Energy agencies have knowledge and capacities that can back up local and regional authorities in their drive to transition towards climate neutrality. In Croatia, REGEA has recognized this need and has initiated this agenda with several cities and is currently piloting this approach. In the City of Karlovac a pilot project was initiated, within which the city’s SECAP will be fully integrated into its zoning and spatial plans. This will include the introduction of energy zoning, setting higher standards for energy efficiency and use of renewables, and stricter emissions’ standards for the transport sector as well as the formalization of other measures identified in the SECAP. Spatial planning and zoning are ideal tools for such harmonized implementation and allow for proper budgetary allocations for energy and climate related measures, acting as an ex-ante baseline for different funding mechanisms.

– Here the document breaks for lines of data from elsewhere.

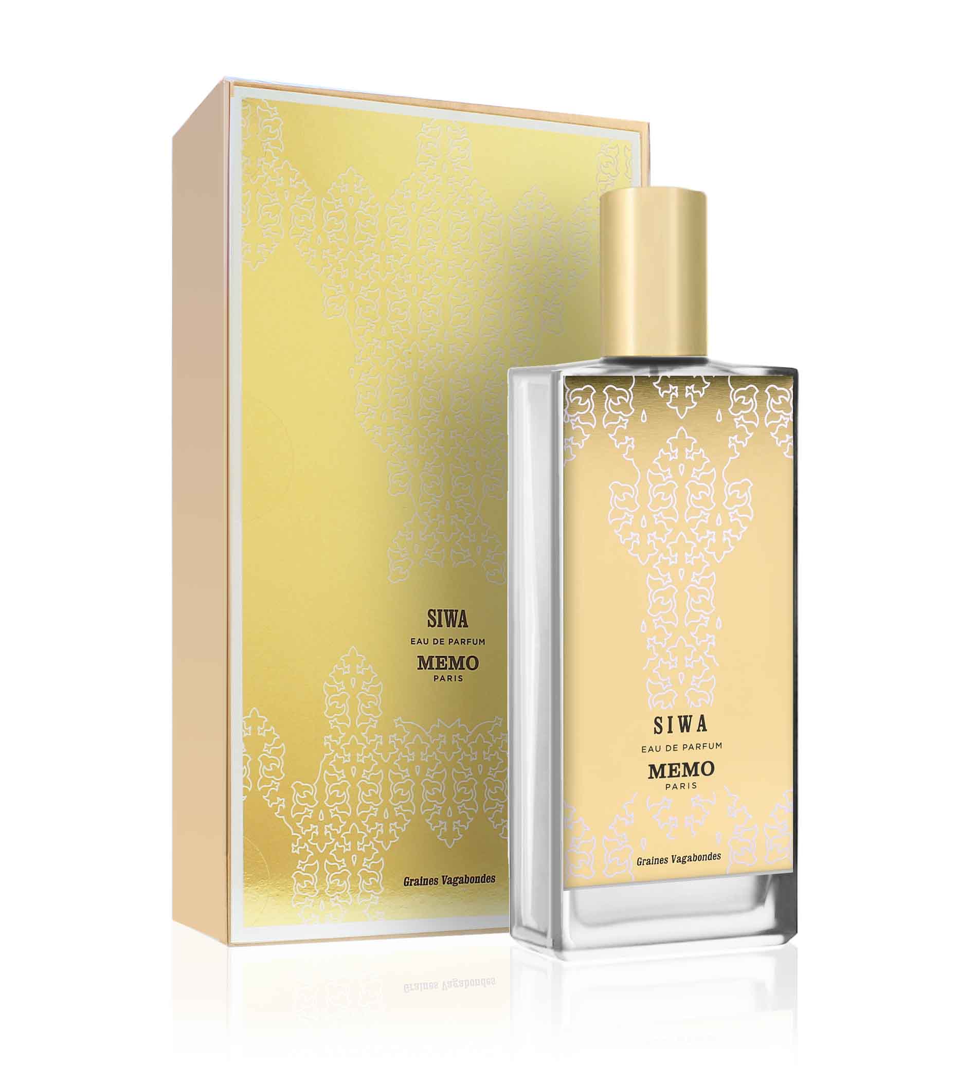 S dámskou parfémovanou vodou Siwa chtěla značka Memo Paris popsat sladkost lásky pod spalujícím sluncem největší písečné pouště světa. Dotek vanilky vklouzne do uklidňujícího objetí cereálií. Ve vzdálené oáze Siwa se může kdokoli poradit s věštci, stejně jako kdysi Alexandr Veliký a Kleopatra, aby odhalil svůj osud a uskutečnil jej. Výkřiky stoupají k nebi jako zaříkadla a parfémovaná voda Siwa kreslí noc, její vůně je…nesrovnatelná.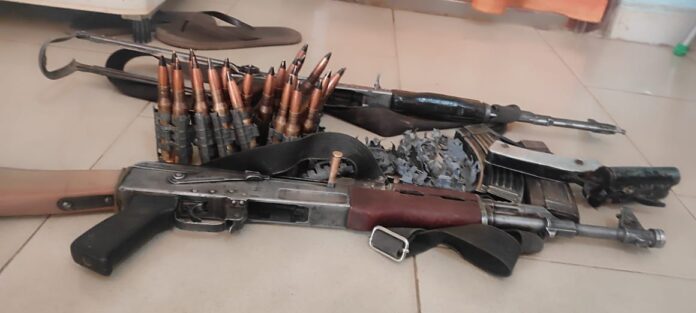 “The police recovered four AK47 rifles, one fabricated SMG rifle, one locally-made revolver pistol, one locally-made Beretta pistol, five empty magazines, twenty-two rounds of 7×62.51mm NATO ammunition, four rounds of 7×62.39mm ammunition and three Honda Bajaj motorcycles.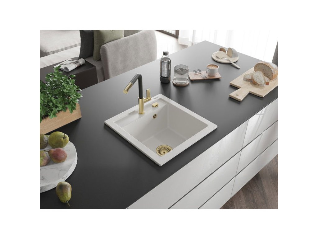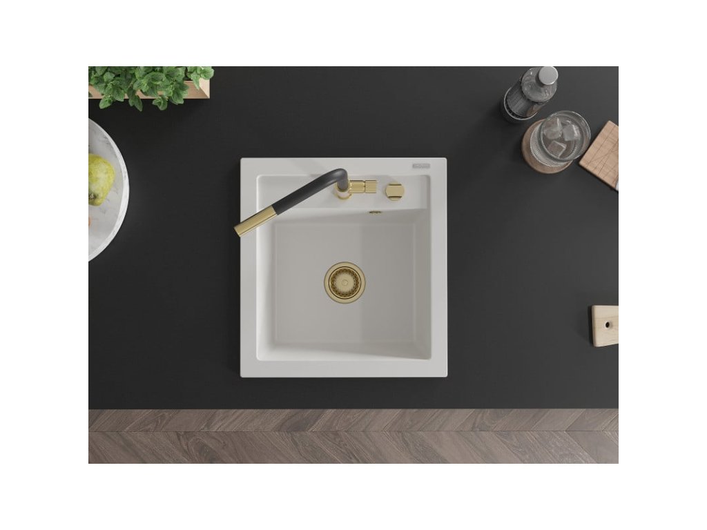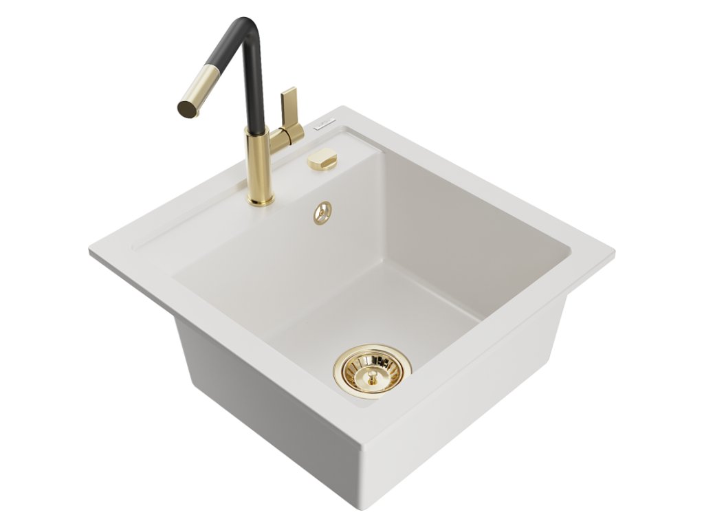 Granitový drez Mexen Vito s 1 misou a kuchynskou batériou Flora, biely - 6503-20-670401-57-G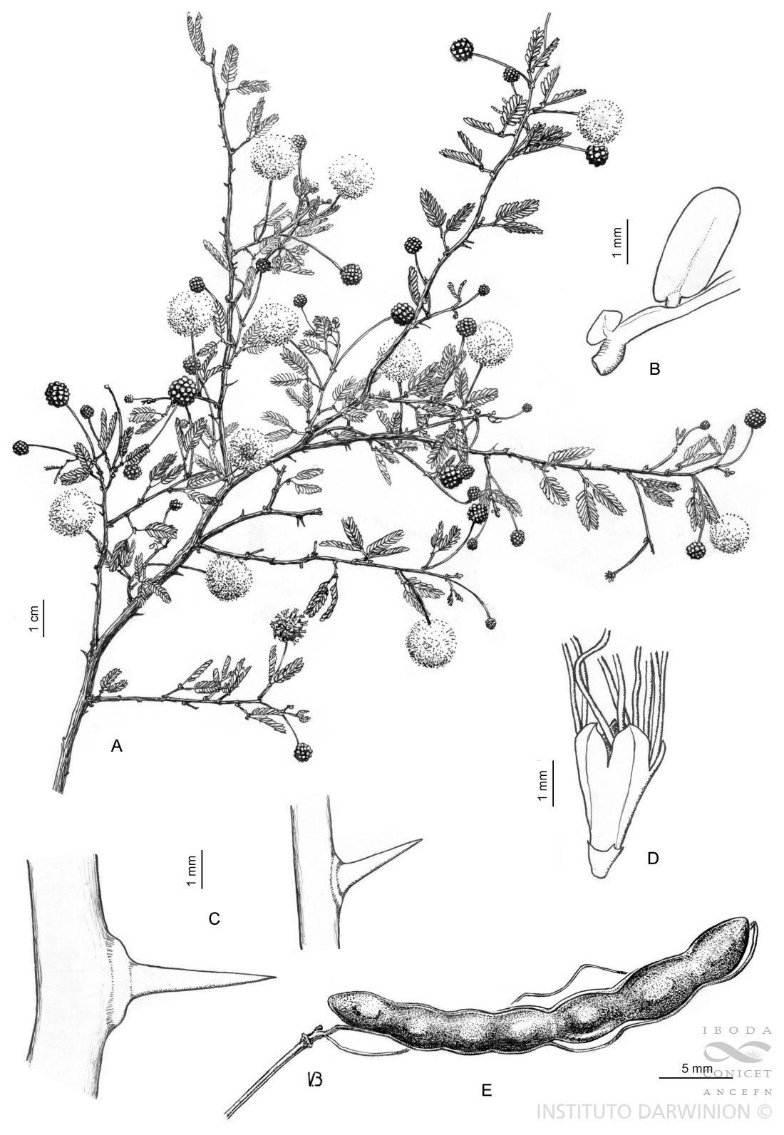 A. Rama florífera. B. Folíolo. C. Espinas. D. Flor. E. Fruto.

We in REGEA believe this approach will lead to more efficient use of the existing planning capacity to enact and enforce their energy and climate visions, as employing additional capacity is a barrier that hinders energy and climate planning. Cities do, on the other hand, possess the necessary capacities when it comes to their spatial planning and zoning, and the key is in using existing governance leavers to empower cities to make joint applications of both spatial and zoning plans. Spatial plans determine the physical development of an area, define the use of individual land plots and set restrictions on the development of construction projects. By integrating these aspects: energy, climate, and spatial planning as well as other sectors, such as transport, cities can develop, enact and, most importantly, enforce a coherent sustainable development strategy, which will be backed by legally binding documents and actions and will present a set of tools for decarbonisation and climate change adaptation.

Ensuring a planning method that would enable more cities to be able to have higher-quality zoning and spatial plans, which prioritize energy and climate issues, goes hand in hand with many EU directives and assists the realization of the UN’s 3rd Sustainable Development Goal of sustainable cities and communities. There are three essential factors for success, namely empowering local and regional enhancing the consistency of energy and climate planning across different levels of government and various sectors and to deliver systemic change and ensure long term sustainability of the approach.

Integration of energy and climate aspects into spatial planning, zoning and budgetary aspects of local and regional governance management is one of the necessities that will help deliver transition towards low-carbon districts, energy transition in general and help create climate resilient societies.